Today we call this forest alignation as FOOD FOREST. Although a new concept, its applications date back. When the Western explorers and invaders stepped foot on the Americas, the Africas and the Far East in the 16th century, they concluded all agricultual works and paysage foreign to them were “primitive” and “in need of development”, therefore forcefully introducing their own applications for more output. The myriad of colours, this three dimentional system which evolved together in 2 milion years and to which we feel so instinctively close. Layerred with perennials, it also the greatest proof that while able to deal with the carbon emmission, with the flexibility they offer in terms of nutritional and against all kind of climate changes, will be able to preserve the food hegemony, and is the biggest proof that “Another World is Possible”.
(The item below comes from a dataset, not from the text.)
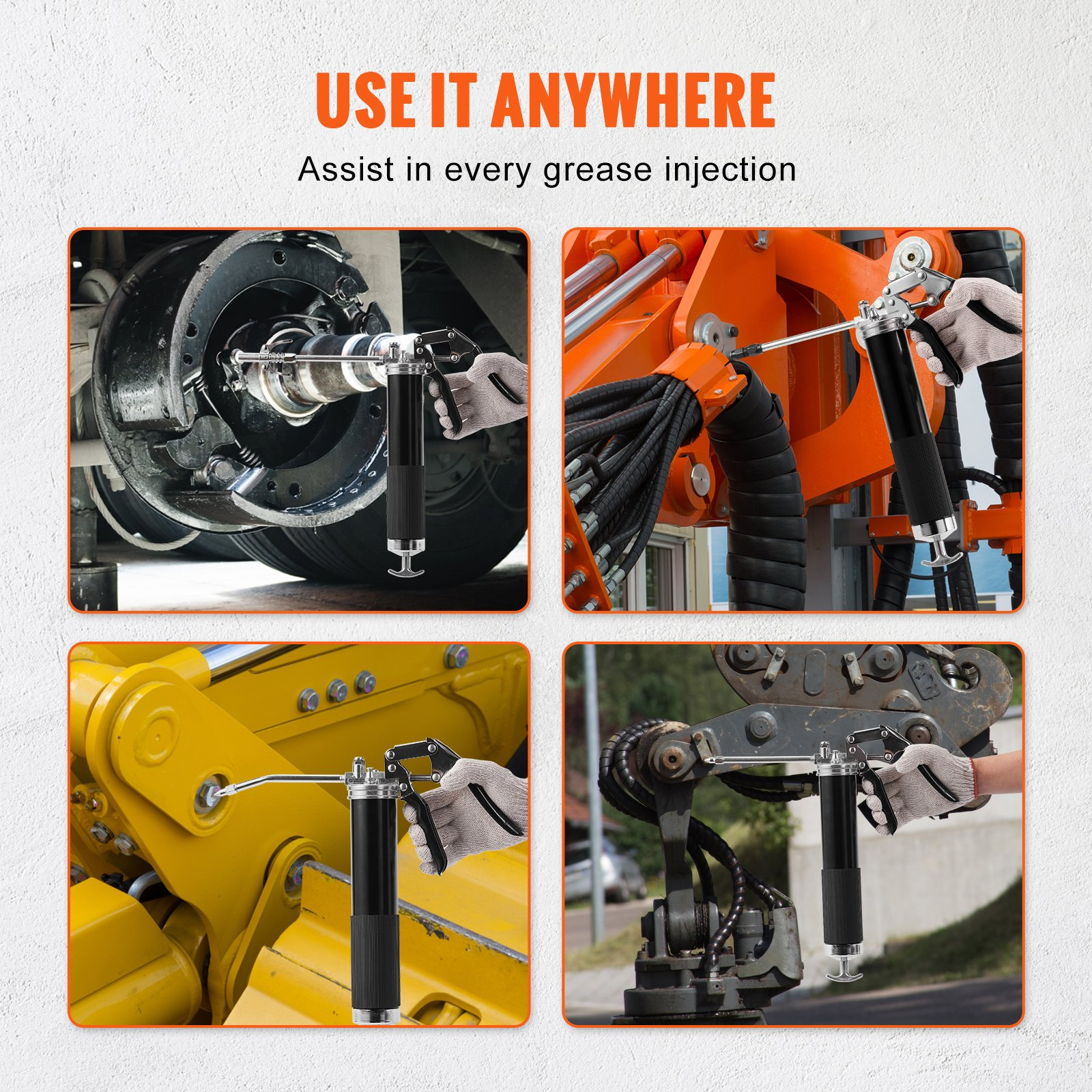 PRODUCT DESCRIPTION VEVOR Pistol Grip Grease Gun, 6000 PSI, 14 OZ / 400 CC Capacity Heavy Duty Professional Grease Gun, with 19.69 Inch Flexible Hose 2 Black Flat Couplers, 1 Pointed Coupler, and 2 Rigid Metal Pipe

One of the oldest examples of food forests of which few have survived, is a 2000-year-old palm forest in Morocco maintained by 800 people, under which guava, olive, fig, pomegranate citrus, mulberry trees are grown. A similar forest was found in Vietnam, for 300 years it is continued by the 28th generation of the same family.
The Food Forest concept was first applied and developped by Robert Hartman in the early 60’ies in Wennlock Edge, Shropshire in England. In 1996, Robert had identified the seven properties of a food forest:
- Self developing
- Permanent on its own
- Self fertilizing (soil)
- Self watering
- Self mulching
- Self fertilizing (plant)
- Self-healing and resistant to insect and diseases
The plant groups that make up the food forest, which imitate the seven layers of vegetation of the natural forest tissue, ensure a sustainable successful yield with placement techniques and inter-plant synergy.
LEARNING FROM THE PAST FOR TODAY:
In today’s world, we see that the sustainable human-plant relationship that we follow in Aşıklı turned into practices that produce very dire results, leading to both health and environment and therefore climate disasters. Legumes, which were grown and developed by the inhabitants of former Aşıklı, have taken on very important roles as basic food products with their long storage life, high nutritional value and nutritive properties in times of famine. In today’s world, they have gained even more importance with their food security and their flexible existence against the developing climate disaster, as they feed not only living things but also the soil by leaving nitrogen, increasing biodiversity.
As Aşıklı Höyük Friends Association, we want to create an experimental food forest in light of the archaeobotanical findings. Inspired by the experience and knowledge gained from the experimental historical Aşıklı houses and agricultural practices previously carried out by Prof. Dr. Mihriban Özbaşaran and her friends, we are aiming both to experience and learn about the early agricultural practices of 10 500 years ago, and to create an income-generating activity with the residents of Kızılkaya village. With this example we will create, we are also planning to trap carbon where it belongs, under the soil.